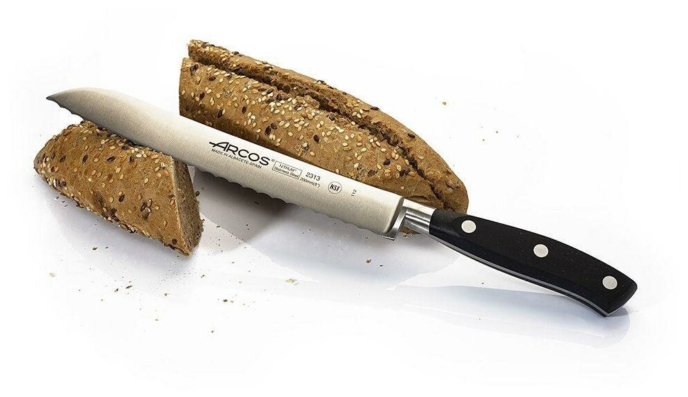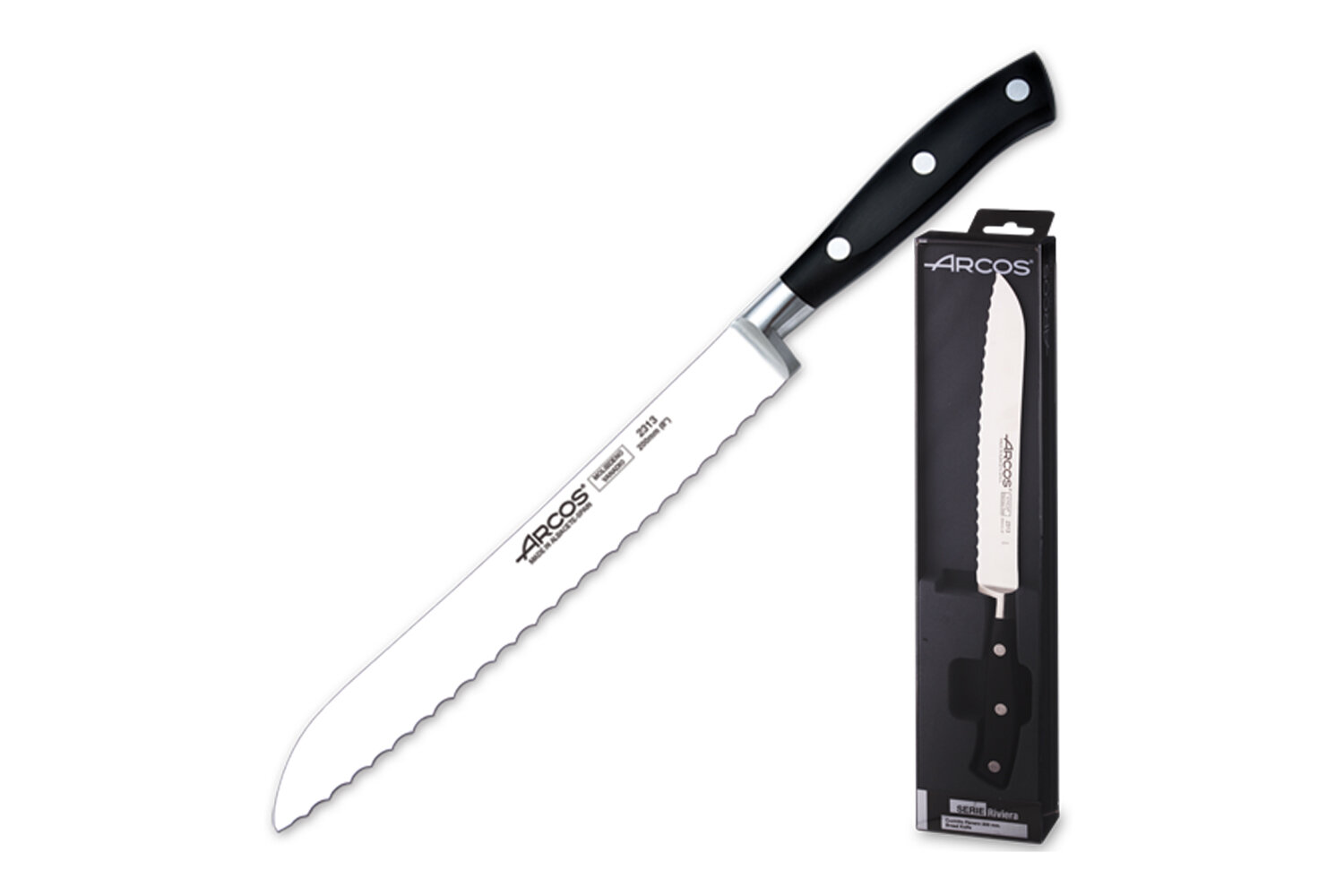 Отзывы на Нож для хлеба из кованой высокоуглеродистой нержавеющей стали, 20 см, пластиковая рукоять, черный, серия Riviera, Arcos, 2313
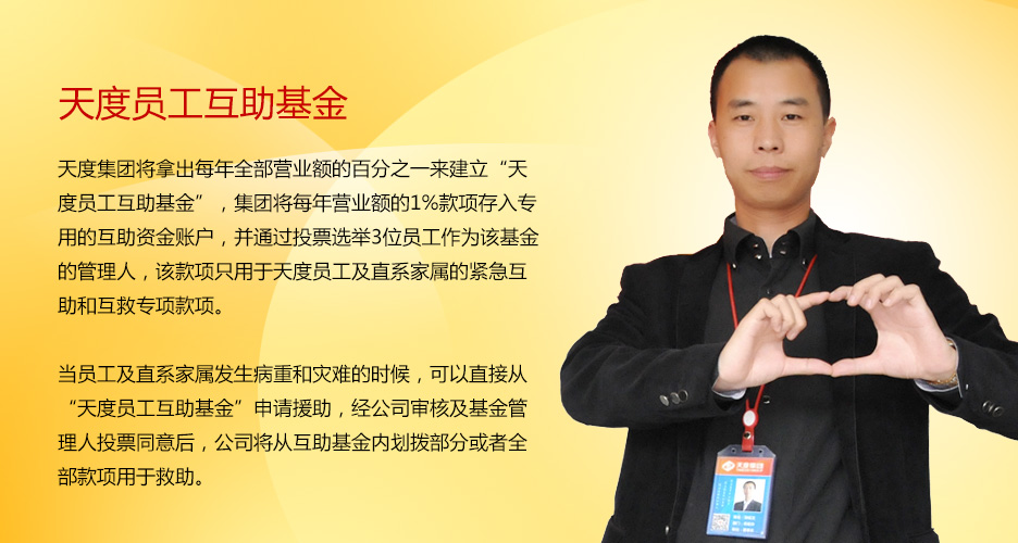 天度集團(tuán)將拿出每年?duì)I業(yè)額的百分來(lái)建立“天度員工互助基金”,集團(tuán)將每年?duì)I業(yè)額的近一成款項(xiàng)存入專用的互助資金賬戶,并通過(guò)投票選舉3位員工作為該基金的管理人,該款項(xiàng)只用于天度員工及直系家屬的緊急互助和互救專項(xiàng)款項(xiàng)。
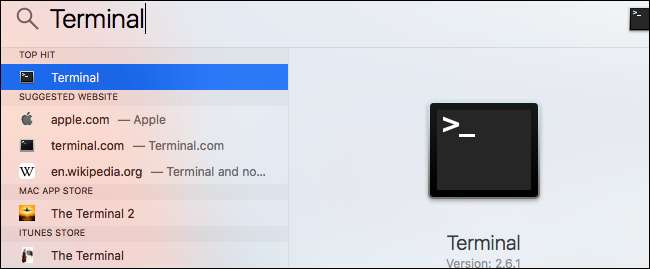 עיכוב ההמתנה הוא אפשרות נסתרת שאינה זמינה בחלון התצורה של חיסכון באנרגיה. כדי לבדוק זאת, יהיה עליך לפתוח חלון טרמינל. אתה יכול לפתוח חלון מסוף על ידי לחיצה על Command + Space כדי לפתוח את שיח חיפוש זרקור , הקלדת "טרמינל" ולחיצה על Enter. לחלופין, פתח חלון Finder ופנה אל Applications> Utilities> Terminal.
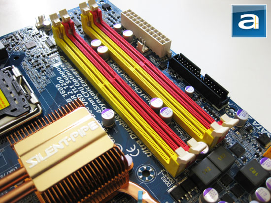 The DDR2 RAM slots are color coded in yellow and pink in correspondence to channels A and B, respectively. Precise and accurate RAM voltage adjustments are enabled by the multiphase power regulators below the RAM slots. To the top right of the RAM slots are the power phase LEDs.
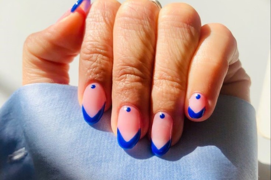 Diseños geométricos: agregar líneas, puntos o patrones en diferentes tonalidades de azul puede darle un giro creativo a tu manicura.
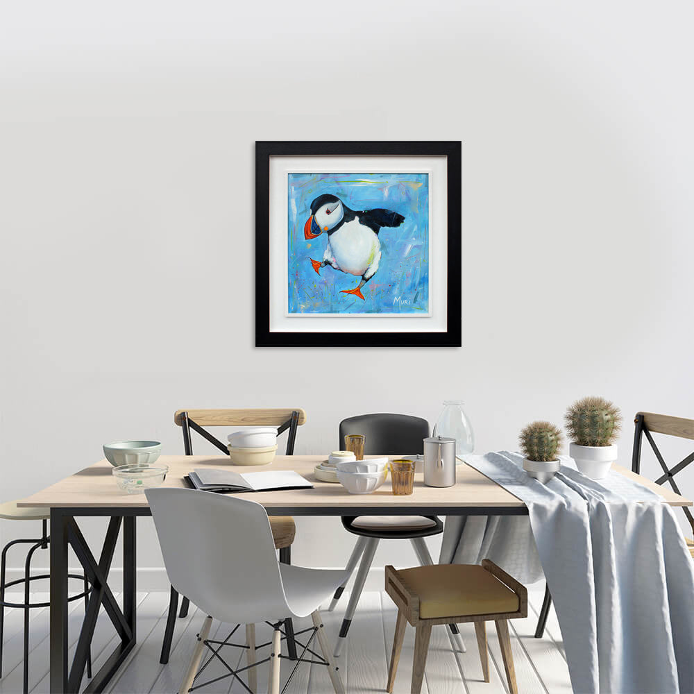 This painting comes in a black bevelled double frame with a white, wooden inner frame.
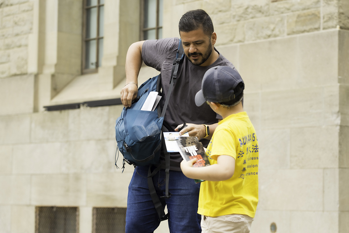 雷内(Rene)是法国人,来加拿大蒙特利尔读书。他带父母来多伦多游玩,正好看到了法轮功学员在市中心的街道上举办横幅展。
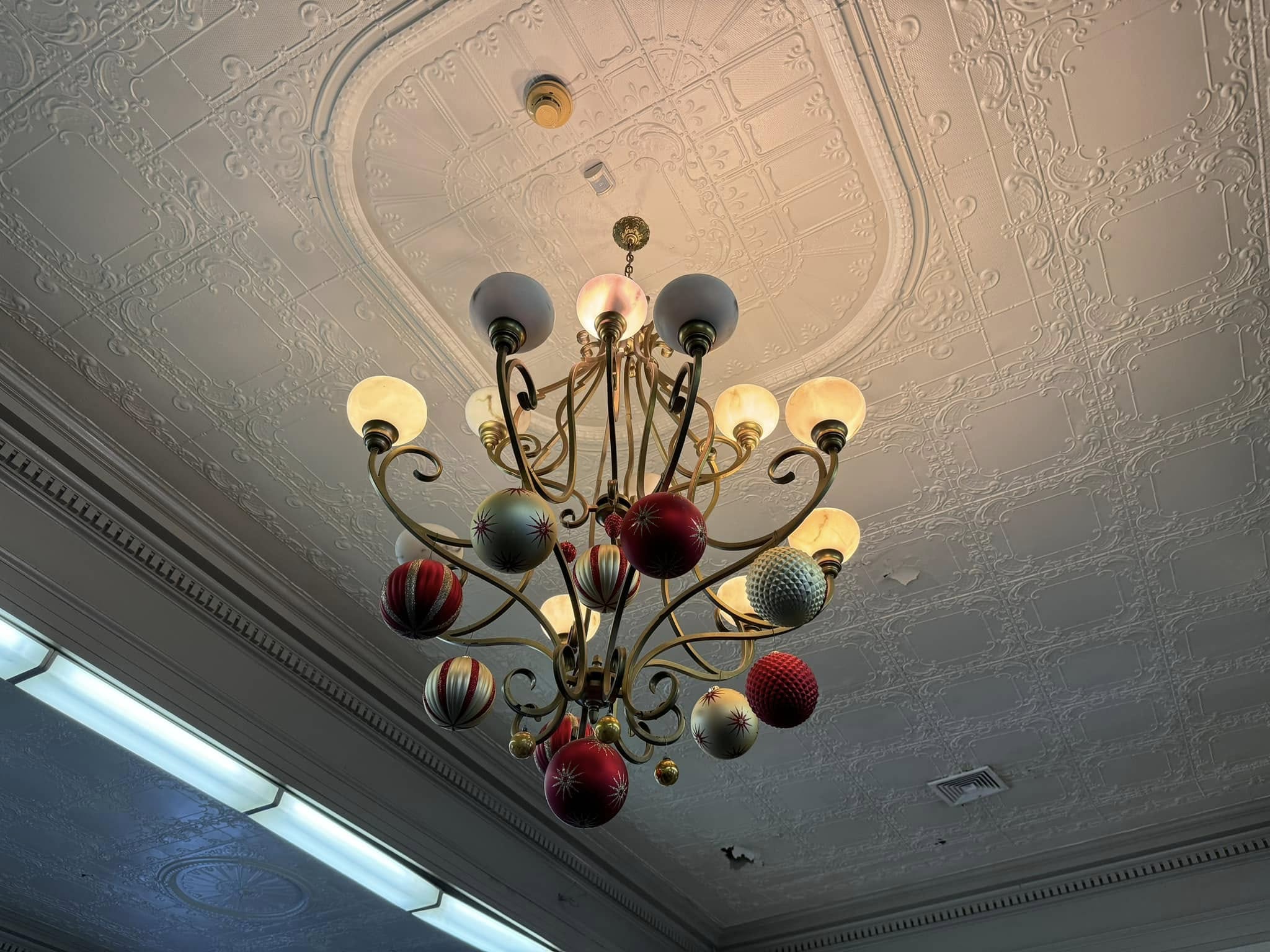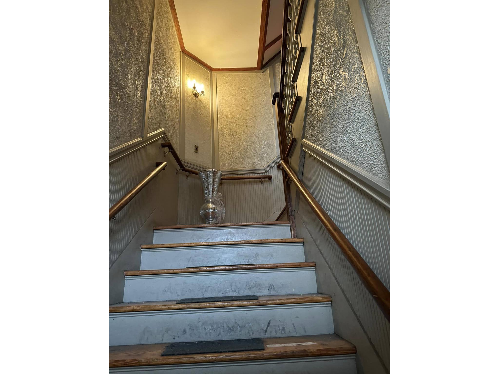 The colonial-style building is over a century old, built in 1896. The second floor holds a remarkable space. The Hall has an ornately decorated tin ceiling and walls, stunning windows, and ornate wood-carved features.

◆ ◆ ◆

§ TASK REQUIREMENTS: Go through the material and set it down again exactly, but without any pictures.

§ ANSWER FOR THE TASK:
 Отзывы на Нож для хлеба из кованой высокоуглеродистой нержавеющей стали, 20 см, пластиковая рукоять, черный, серия Riviera, Arcos, 2313
 天度集團(tuán)將拿出每年?duì)I業(yè)額的百分來(lái)建立“天度員工互助基金”,集團(tuán)將每年?duì)I業(yè)額的近一成款項(xiàng)存入專用的互助資金賬戶,并通過(guò)投票選舉3位員工作為該基金的管理人,該款項(xiàng)只用于天度員工及直系家屬的緊急互助和互救專項(xiàng)款項(xiàng)。
 עיכוב ההמתנה הוא אפשרות נסתרת שאינה זמינה בחלון התצורה של חיסכון באנרגיה. כדי לבדוק זאת, יהיה עליך לפתוח חלון טרמינל. אתה יכול לפתוח חלון מסוף על ידי לחיצה על Command + Space כדי לפתוח את שיח חיפוש זרקור , הקלדת "טרמינל" ולחיצה על Enter. לחלופין, פתח חלון Finder ופנה אל Applications> Utilities> Terminal.
 The DDR2 RAM slots are color coded in yellow and pink in correspondence to channels A and B, respectively. Precise and accurate RAM voltage adjustments are enabled by the multiphase power regulators below the RAM slots. To the top right of the RAM slots are the power phase LEDs.
 Diseños geométricos: agregar líneas, puntos o patrones en diferentes tonalidades de azul puede darle un giro creativo a tu manicura.
 This painting comes in a black bevelled double frame with a white, wooden inner frame.
 雷内(Rene)是法国人,来加拿大蒙特利尔读书。他带父母来多伦多游玩,正好看到了法轮功学员在市中心的街道上举办横幅展。
 The colonial-style building is over a century old, built in 1896. The second floor holds a remarkable space. The Hall has an ornately decorated tin ceiling and walls, stunning windows, and ornate wood-carved features.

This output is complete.